The problem involves comparing the wavelengths of specific lines in the Lyman and Balmer series for hydrogen and hydrogen-like ions. The Lyman series corresponds to transitions to the n=1 energy level, while the Balmer series corresponds to transitions to the n=2 level.
Key Concepts
- Lyman Series: Transitions to n=1 (ultraviolet region).

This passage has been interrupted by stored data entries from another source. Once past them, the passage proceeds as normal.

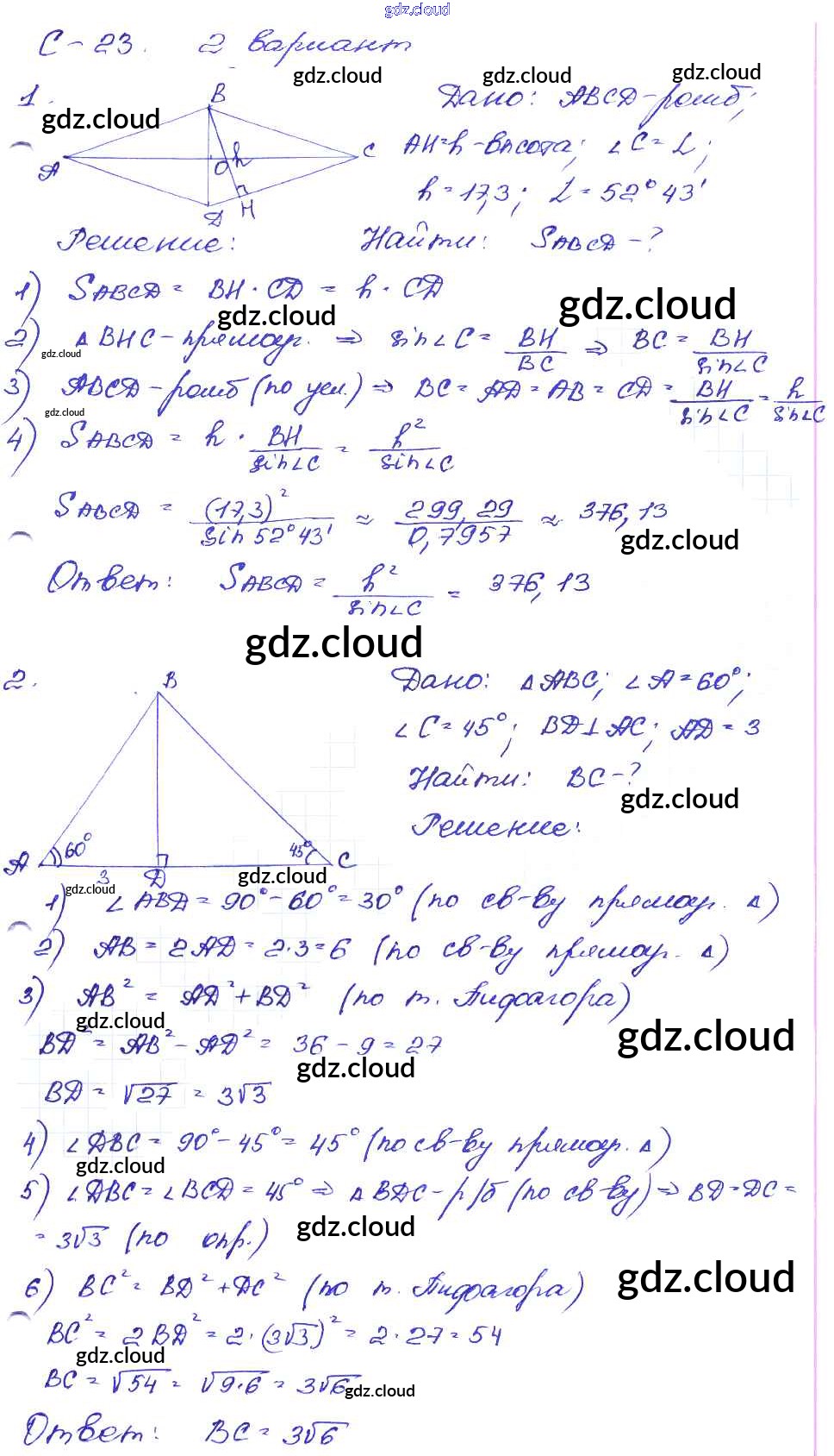 СР №23. Решение прямоугольных треугольников Ответы к Самостоятельным работам по Геометрии 8 класс Дидактические материалы Зив Просвещение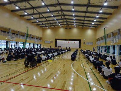 体育館で楓の森中の体育大会(5月21日)結団式が行われていました(詳細は楓の森中HPブログをご覧下さい)。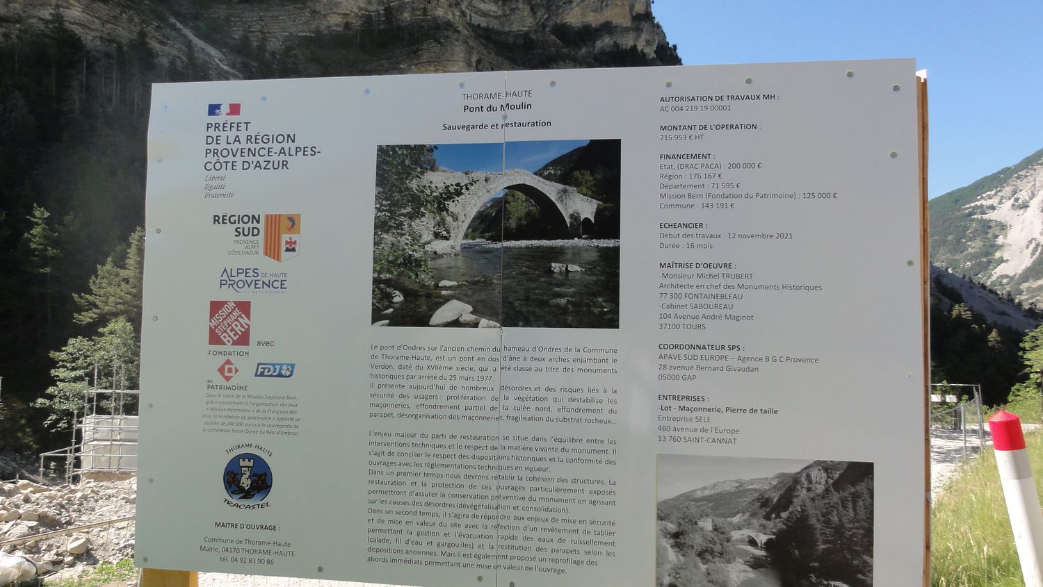 Nouvelles travaux pont du moulin Les travaux de terrassement pour organiser le chantier sont finis. La pose de l’échafaudage suspendu est aussi arrivée à son terme. Les travaux de maçonnerie vont pouvoir commencer. quelques photos des travaux

- Balmer Series: Transitions to n=2 (visible region).
Wavelength Calculation
The wavelength for the Lyman series can be calculated using the formula:
λ = RZ²(1/n₁² - 1/n₂²)
For the first line of the Lyman series (n₂=2, n₁=1):
λ₁ = RZ²(1/1² - 1/2²) = RZ²(1 - 1/4) = RZ²(3/4)

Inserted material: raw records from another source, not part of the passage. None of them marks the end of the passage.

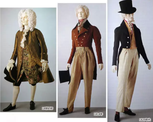 - 巴洛克時期:長卷雞毛撣假髮、華麗排扣長外套、燈籠褲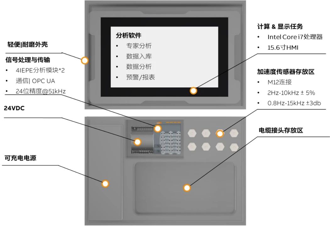M.Doctor 設(shè)計為一個便攜式的工具箱,配置了強大的硬件和智能分析軟件,可以用于機器現(xiàn)場的移動監(jiān)測。去掉箱子,直接集成到機器控制系統(tǒng)中,作為機器功能的構(gòu)成。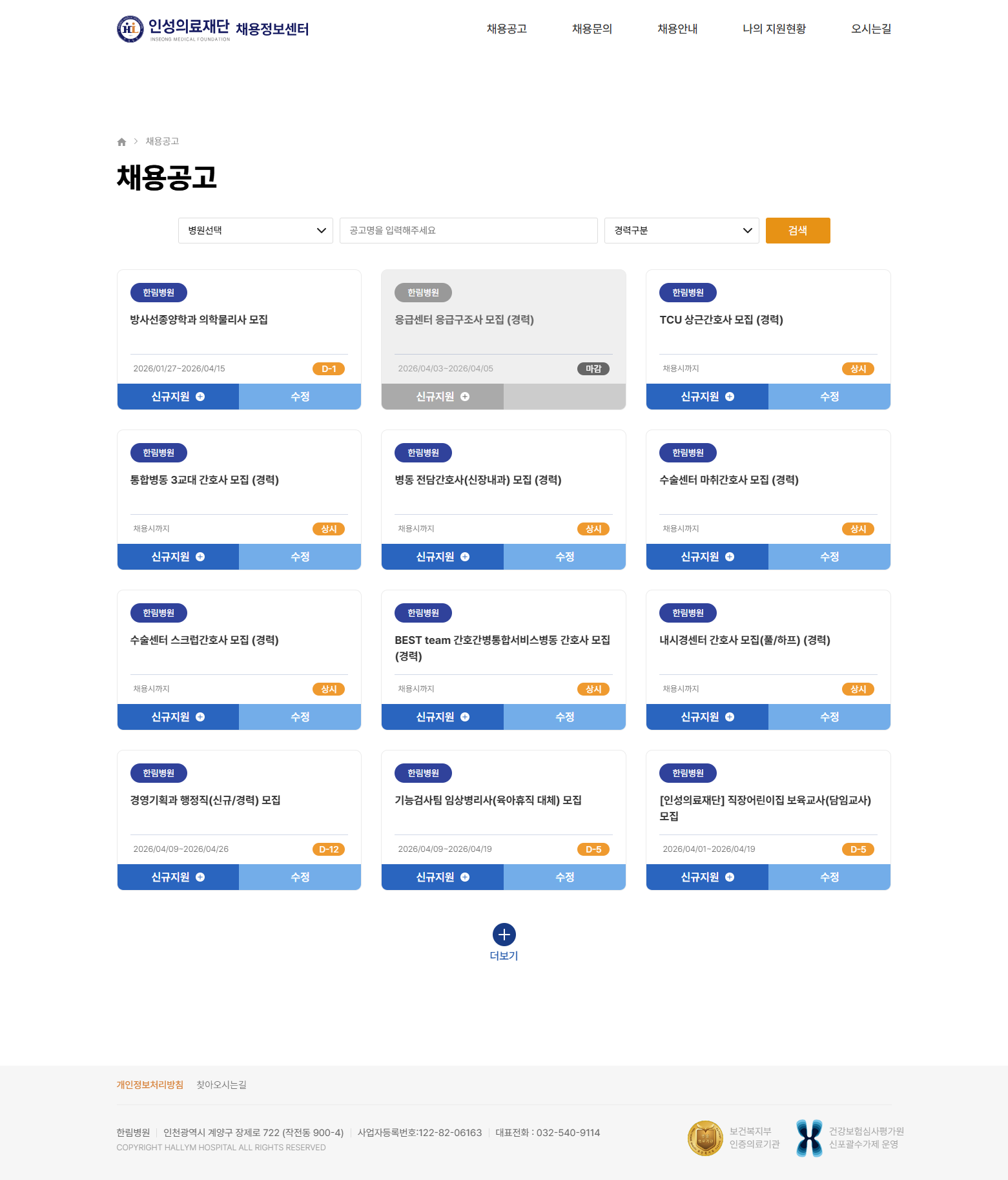 병원 탭과 경력구분 필터, 직무 키워드 검색을 결합한 채용공고 목록을 AJAX 더보기 방식으로 구성하여 4개 기관의 공고를 한 화면에서 빠르게 탐색할 수 있도록 하였습니다. -
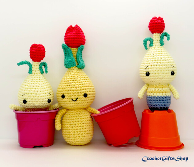 Tulip bulb doll https://www.crazypatterns.net/en/items/57806/pattern-amigurumi-flower-tulip-bulb-doll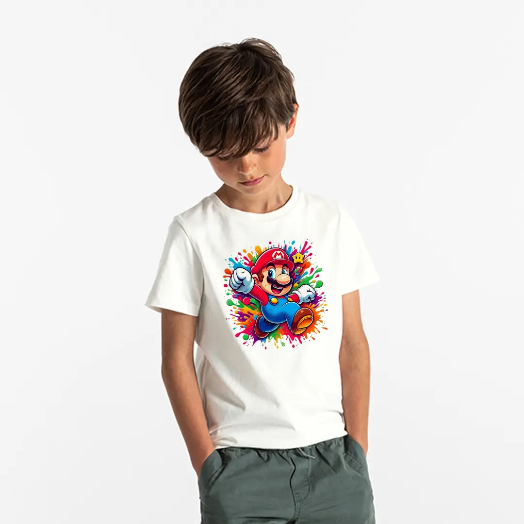 Erkek Çocuk Super Mario Renkli Splash Baskılı Tişört – Oyun Karakteri Çocuk Tişört 2

For the second line of the Balmer series (n₂=3, n₁=2):
λ₂ = RZ²(1/2² - 1/3²) = RZ²(1/4 - 1/9) = RZ²(5/36)
Setting the Wavelengths Equal
Since the problem states that these wavelengths are equal:
RZ²(3/4) = RZ²(5/36)
Solving for Z
Canceling RZ² from both sides (assuming Z is not zero):
3/4 = 5/36
Cross-multiplying gives:
3 * 36 = 5 * 4
108 = 20, which is incorrect.
Instead, we should find Z such that:
3/4 = 5/(36Z²)
Cross-multiplying leads to:
3 * 36Z² = 20
Z² = 20/108 = 5/27
Z = √(5/27) which simplifies to Z = 2.
Final Answer
The atomic number Z of the hydrogen-like ion is 2.